Exercise details >>
Repeat the listing that follows character for character, omitting images.

=== Dataset section ===

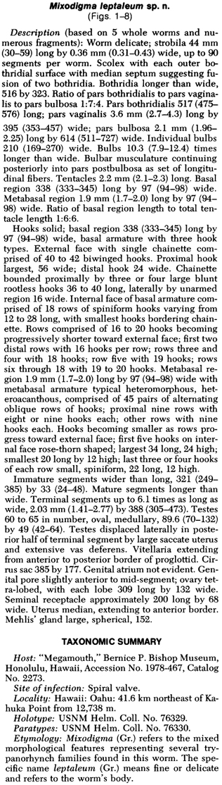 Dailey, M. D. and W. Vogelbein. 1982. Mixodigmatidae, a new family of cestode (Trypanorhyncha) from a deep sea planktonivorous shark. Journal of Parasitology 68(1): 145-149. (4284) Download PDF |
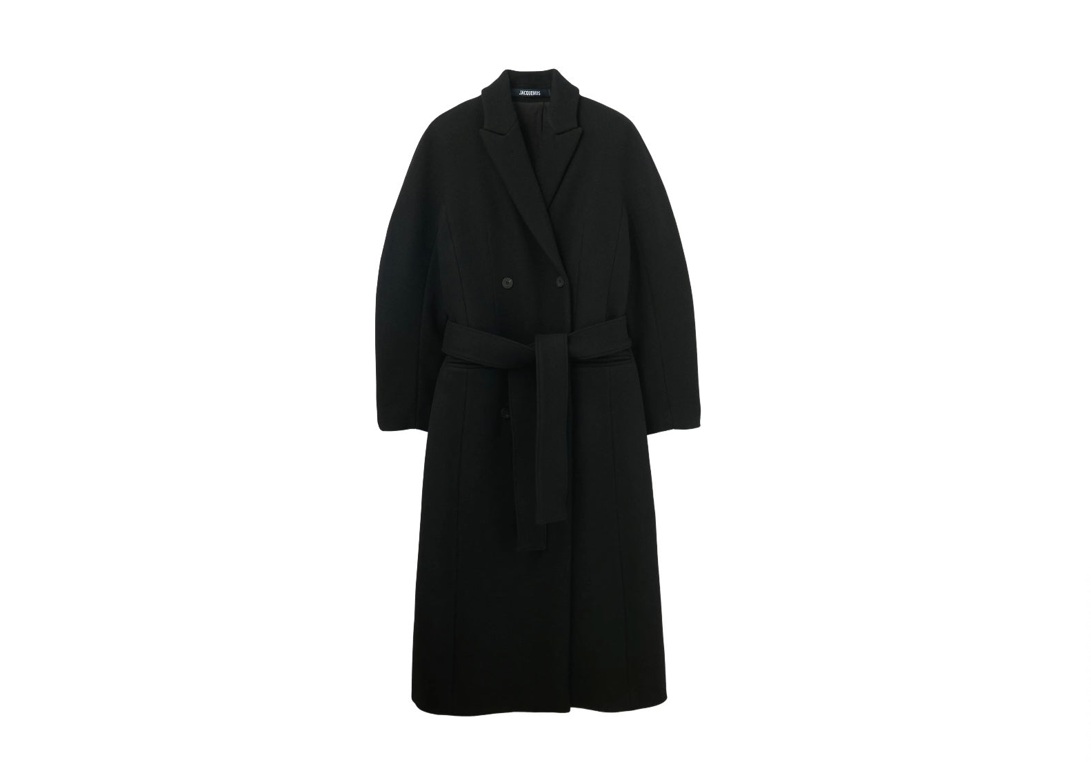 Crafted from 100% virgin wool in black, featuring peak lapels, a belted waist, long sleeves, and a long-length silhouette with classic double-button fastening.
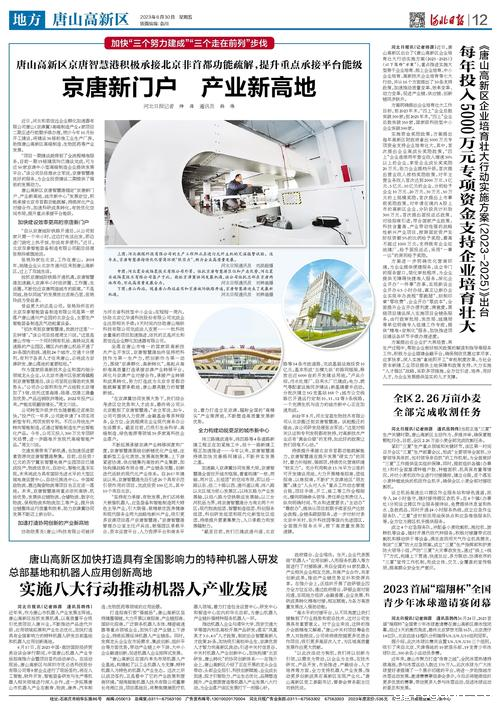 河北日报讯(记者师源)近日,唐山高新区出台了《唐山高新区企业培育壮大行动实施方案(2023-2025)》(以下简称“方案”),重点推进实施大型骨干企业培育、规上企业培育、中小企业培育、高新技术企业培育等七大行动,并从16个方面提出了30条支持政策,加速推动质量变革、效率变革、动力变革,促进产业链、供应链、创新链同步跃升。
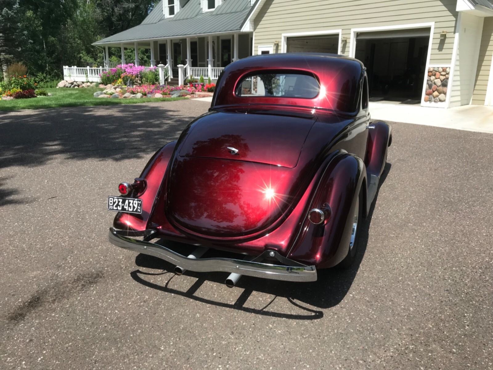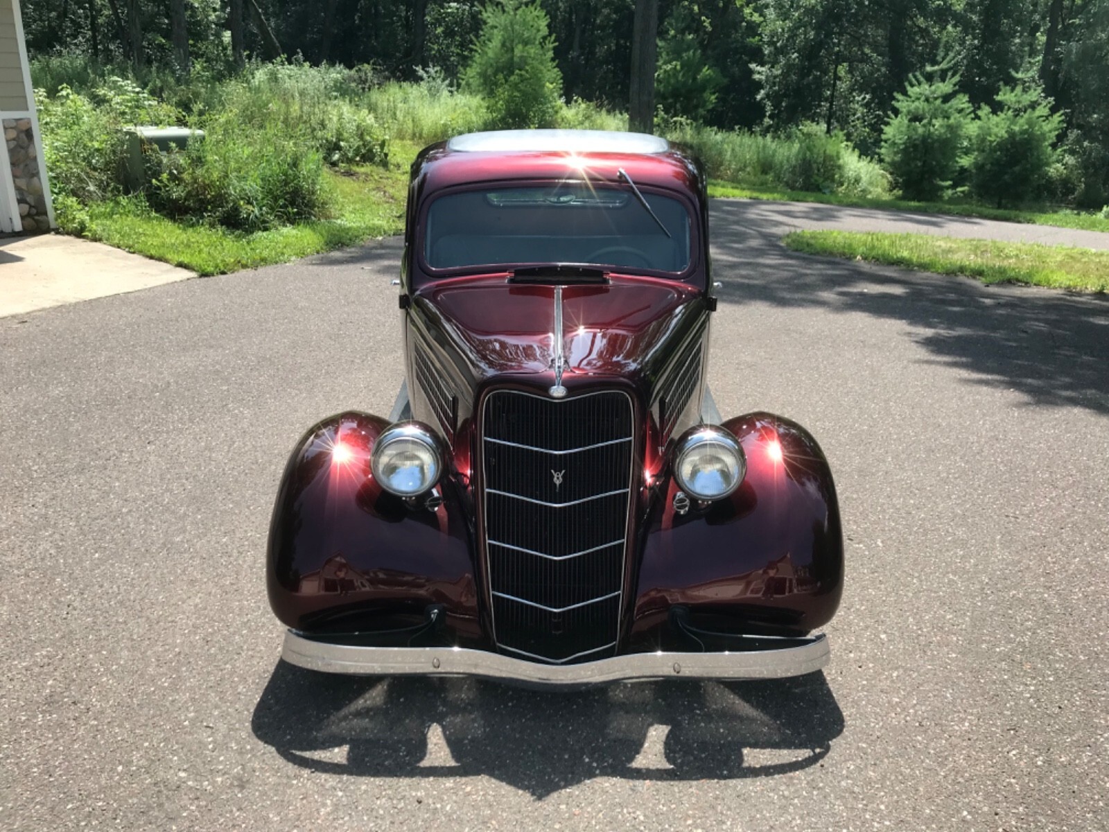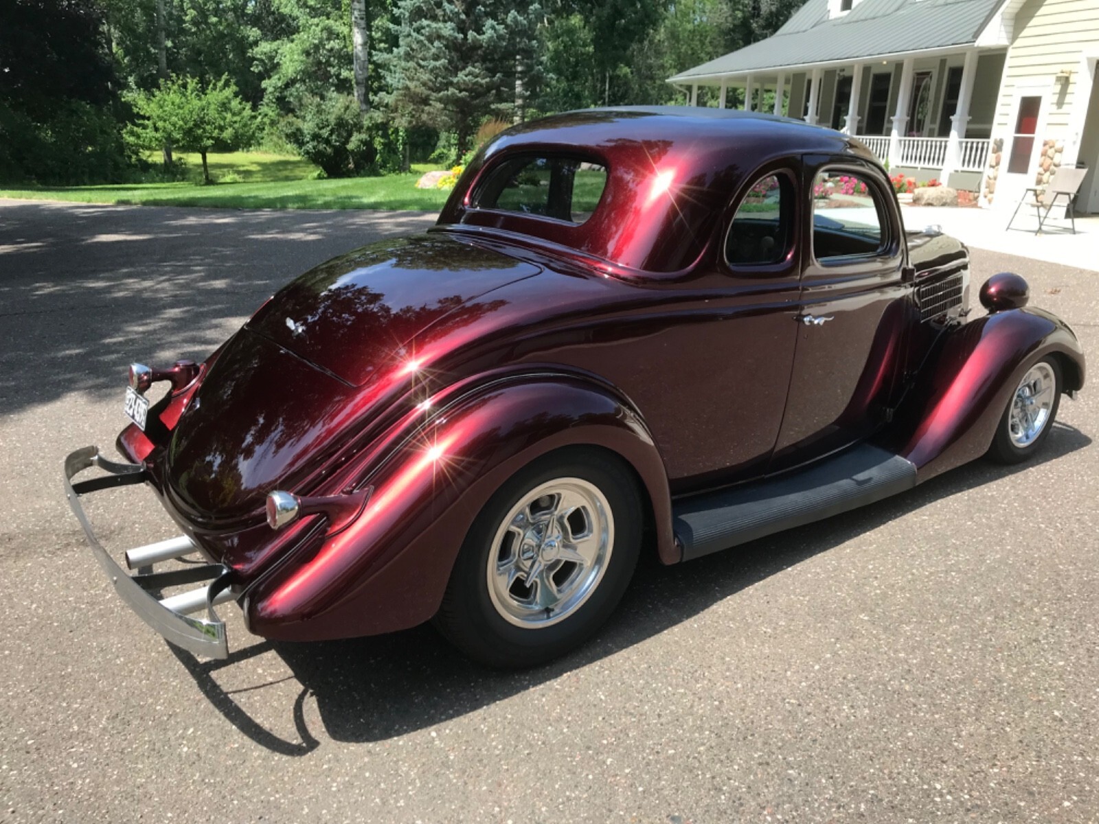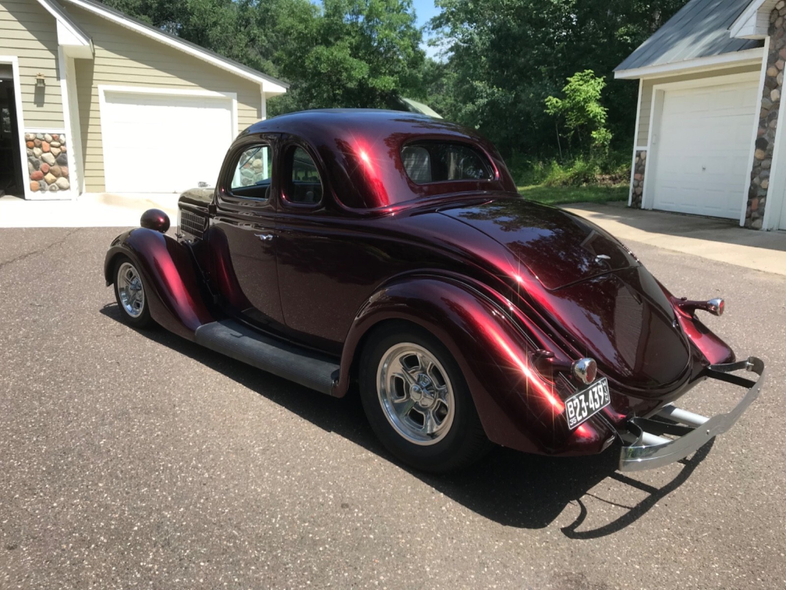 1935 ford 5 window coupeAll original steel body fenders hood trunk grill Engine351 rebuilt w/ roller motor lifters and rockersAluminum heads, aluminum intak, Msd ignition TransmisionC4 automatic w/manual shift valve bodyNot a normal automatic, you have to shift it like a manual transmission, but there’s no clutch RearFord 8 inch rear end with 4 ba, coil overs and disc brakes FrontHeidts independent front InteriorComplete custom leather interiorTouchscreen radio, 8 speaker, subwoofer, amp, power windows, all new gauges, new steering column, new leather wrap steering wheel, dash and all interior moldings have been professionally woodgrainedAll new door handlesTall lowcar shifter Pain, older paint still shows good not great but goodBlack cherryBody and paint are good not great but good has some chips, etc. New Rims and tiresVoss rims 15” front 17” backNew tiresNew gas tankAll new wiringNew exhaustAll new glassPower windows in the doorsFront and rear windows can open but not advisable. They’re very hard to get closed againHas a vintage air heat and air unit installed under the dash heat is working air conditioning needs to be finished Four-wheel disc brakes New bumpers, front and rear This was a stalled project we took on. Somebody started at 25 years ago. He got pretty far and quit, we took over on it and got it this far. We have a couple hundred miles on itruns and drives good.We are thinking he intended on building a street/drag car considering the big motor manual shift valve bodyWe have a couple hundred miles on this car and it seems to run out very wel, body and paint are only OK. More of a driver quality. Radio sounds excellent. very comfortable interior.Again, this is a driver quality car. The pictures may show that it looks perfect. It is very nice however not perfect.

===

Solution to the exercise >>
 Dailey, M. D. and W. Vogelbein. 1982. Mixodigmatidae, a new family of cestode (Trypanorhyncha) from a deep sea planktonivorous shark. Journal of Parasitology 68(1): 145-149. (4284) Download PDF |
 Crafted from 100% virgin wool in black, featuring peak lapels, a belted waist, long sleeves, and a long-length silhouette with classic double-button fastening.
 河北日报讯(记者师源)近日,唐山高新区出台了《唐山高新区企业培育壮大行动实施方案(2023-2025)》(以下简称“方案”),重点推进实施大型骨干企业培育、规上企业培育、中小企业培育、高新技术企业培育等七大行动,并从16个方面提出了30条支持政策,加速推动质量变革、效率变革、动力变革,促进产业链、供应链、创新链同步跃升。
 1935 ford 5 window coupeAll original steel body fenders hood trunk grill Engine351 rebuilt w/ roller motor lifters and rockersAluminum heads, aluminum intak, Msd ignition TransmisionC4 automatic w/manual shift valve bodyNot a normal automatic, you have to shift it like a manual transmission, but there’s no clutch RearFord 8 inch rear end with 4 ba, coil overs and disc brakes FrontHeidts independent front InteriorComplete custom leather interiorTouchscreen radio, 8 speaker, subwoofer, amp, power windows, all new gauges, new steering column, new leather wrap steering wheel, dash and all interior moldings have been professionally woodgrainedAll new door handlesTall lowcar shifter Pain, older paint still shows good not great but goodBlack cherryBody and paint are good not great but good has some chips, etc. New Rims and tiresVoss rims 15” front 17” backNew tiresNew gas tankAll new wiringNew exhaustAll new glassPower windows in the doorsFront and rear windows can open but not advisable. They’re very hard to get closed againHas a vintage air heat and air unit installed under the dash heat is working air conditioning needs to be finished Four-wheel disc brakes New bumpers, front and rear This was a stalled project we took on. Somebody started at 25 years ago. He got pretty far and quit, we took over on it and got it this far. We have a couple hundred miles on itruns and drives good.We are thinking he intended on building a street/drag car considering the big motor manual shift valve bodyWe have a couple hundred miles on this car and it seems to run out very wel, body and paint are only OK. More of a driver quality. Radio sounds excellent. very comfortable interior.Again, this is a driver quality car. The pictures may show that it looks perfect. It is very nice however not perfect.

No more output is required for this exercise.